On behalf of the developers of UPC++ and GASNet-EX, I am pleased to announce the availability of some exciting new capabilities.
Recent work in both libraries can enable client software to avoid stalling in communication injection when GASNet-EX detects network backpressure. In the case of GASNet-EX, existing "immediate-mode" API support has been enhanced to optionally expose backpressure at the Commit stage of NPAM via new API calls. Additionally, the ibv-conduit implementation of "immediate-mode" AM injection has been refined to be more precise. In the case of UPC++, new experimental immediate-mode RPC APIs can throw an exception when backpressure would otherwise stall at injection.

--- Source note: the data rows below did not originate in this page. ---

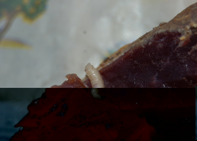 Purtroppo un moscone è entrato in cantina, gli ho sparato con la "doppietta" ma intanto era riuscito a depositare le sue maledettissime uova, ed eccone i risultati. In un prosciutto ho già tagliato tanta carne che entra il mio polso, ho lavato con aceto di vino, lasciato asciugare, messo un p'ò di sale e poi una bella impepata, pensate abbia risolto o dovrei fare altro? ciao e grazie.
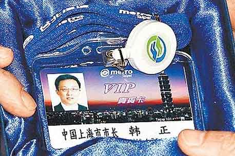 臺北捷運送給韓正捷運VIP一日票,上面以簡體字書寫。圖片來源:臺灣《蘋果日報》
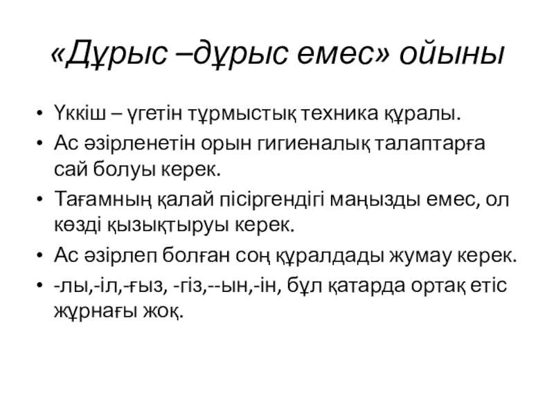 «Дұрыс –дұрыс емес» ойыныҮккіш – үгетін тұрмыстық техника құралы.Ас әзірленетін орын гигиеналық талаптарға сай болуы керек.Тағамның қалай
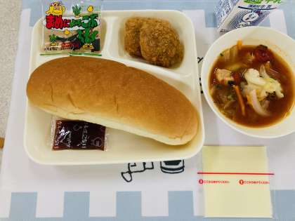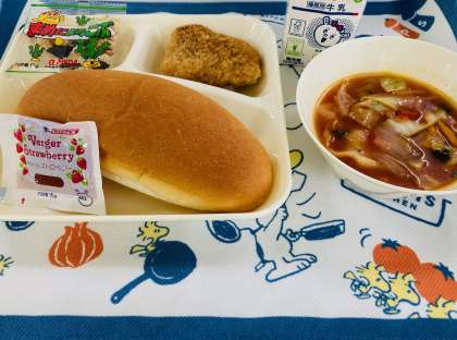 今日の献立は「一口トンカツ、ミネストローネ、豆こんぶ、中学校:スライスチーズ、コッペパン、いちごジャム、牛乳」でした。
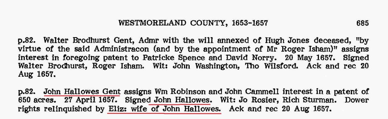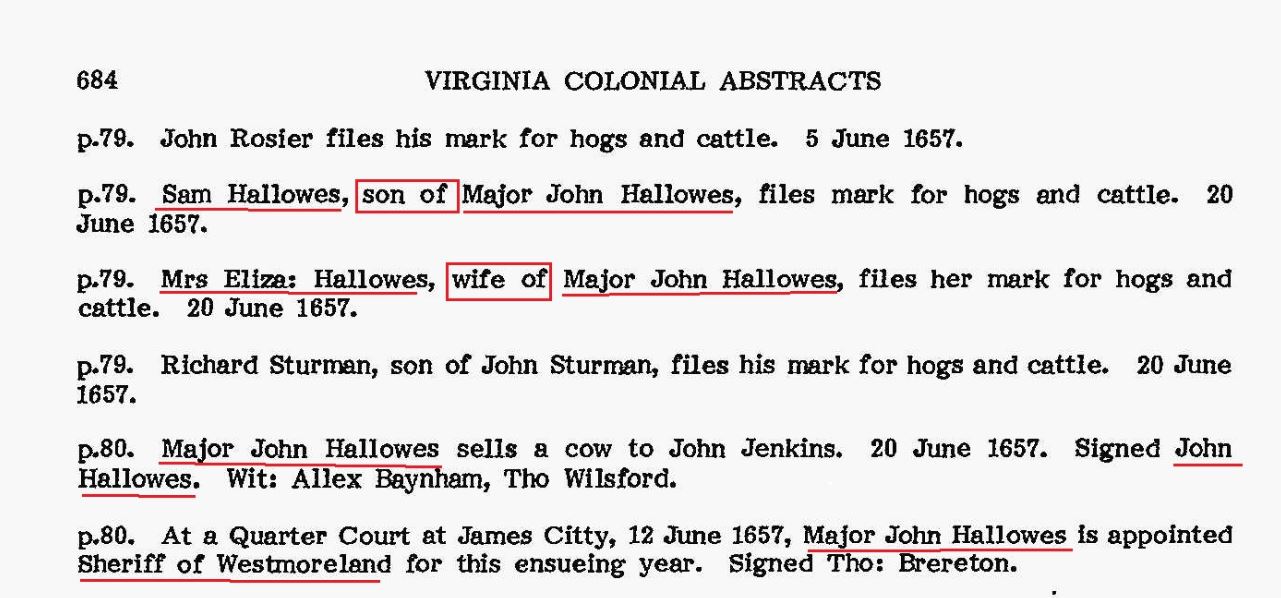 (Appointed Sheriff of Westmoreland Co, Va): 1657 June 12: p.80. Quarter Court at James Citty, 12 June 1657, Major John Hallowes is appointed Sheriff of Westmoreland for this ensueing year. Signed Tho: Brereton.

For users of GASNet-EX, the new capabilities are available in the "stable" branch[*] in git (or "develop" if you prefer).
For users of UPC++, one should use the "develop" branch in git (in which case use of GASNet-EX's stable branch is the default).

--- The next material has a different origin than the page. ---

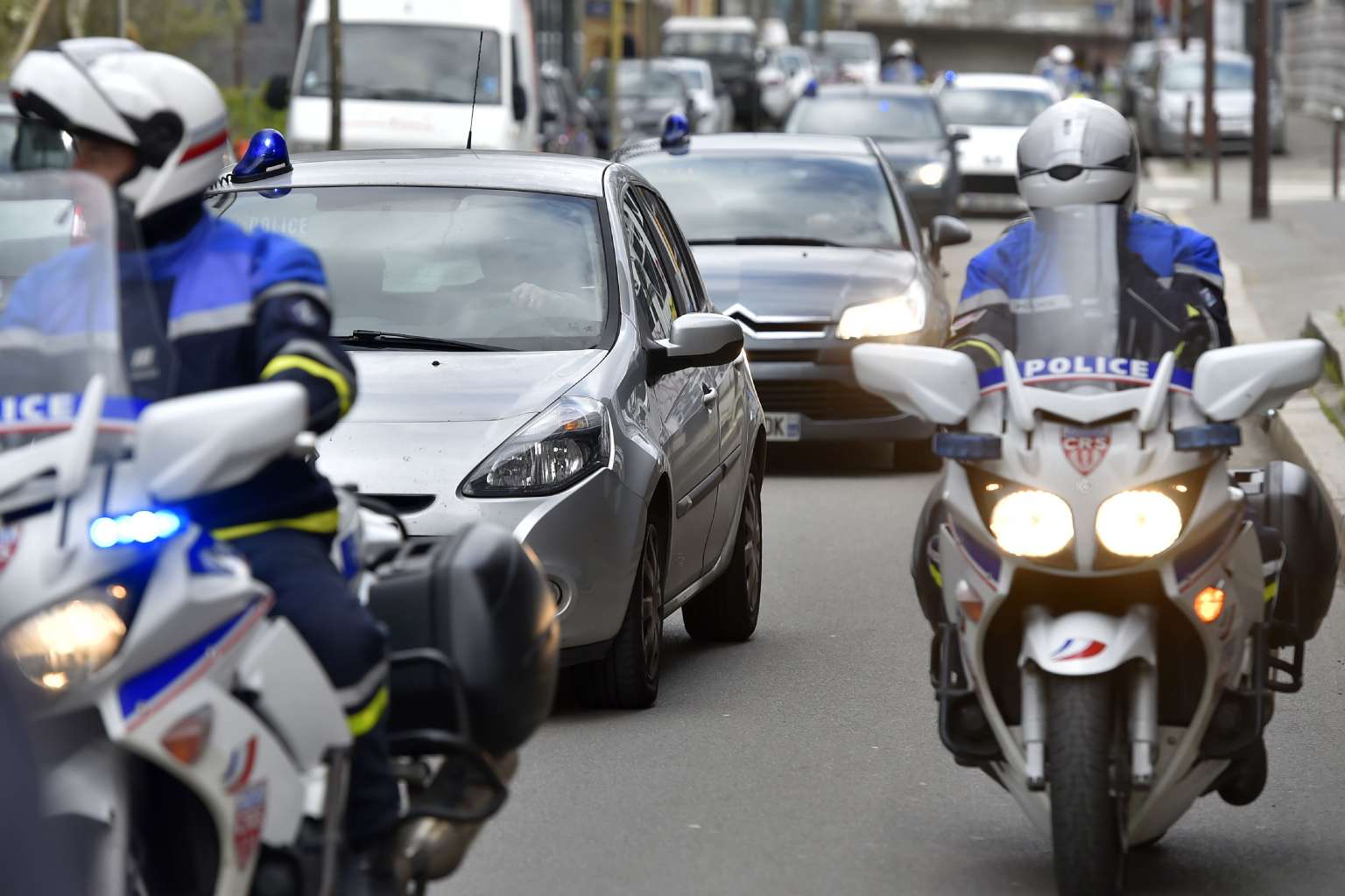 A police convoy transports two suspects in the murder of the French Troadec family to the Nantes courthouse on Monday (Mar 6, 2017).

For more information, including performance results on Slingshot-11 and InfiniBand networks, please see our LBNL Technical Report:
Hargrove P, Bonachea D. Investigation into the Performance Benefits of Exposing Network Backpressure in UPC++ and GASNet-EX Lawrence Berkeley National Laboratory Technical Report LBNL-2001668, May 2025. doi:10.25344/S4088R
-Paul H. Hargove
[*] Recent updates to the GASNet-EX stable branch include
Experimental new `gex_AM_Cancel{Request,Reply}{Medium,Long}()` APIs enable a client to abandon a Prepare (called instead of the matching Commit).
Experimental new `gex_AM_Commit*_v2()` APIs extend the `Commit` API family with a `commit_flags` argument and an `int` return type. This enables use of `GEX_FLAG_IMMEDIATE` at commit time.
ibv-conduit:
Support for `GEX_FLAG_IMMEDIATE` with AM injection (both FPAM and NPAM) has been improved to detect full send queues and completion queues, conditions which previously could have resulted in stalls rather than immediate return.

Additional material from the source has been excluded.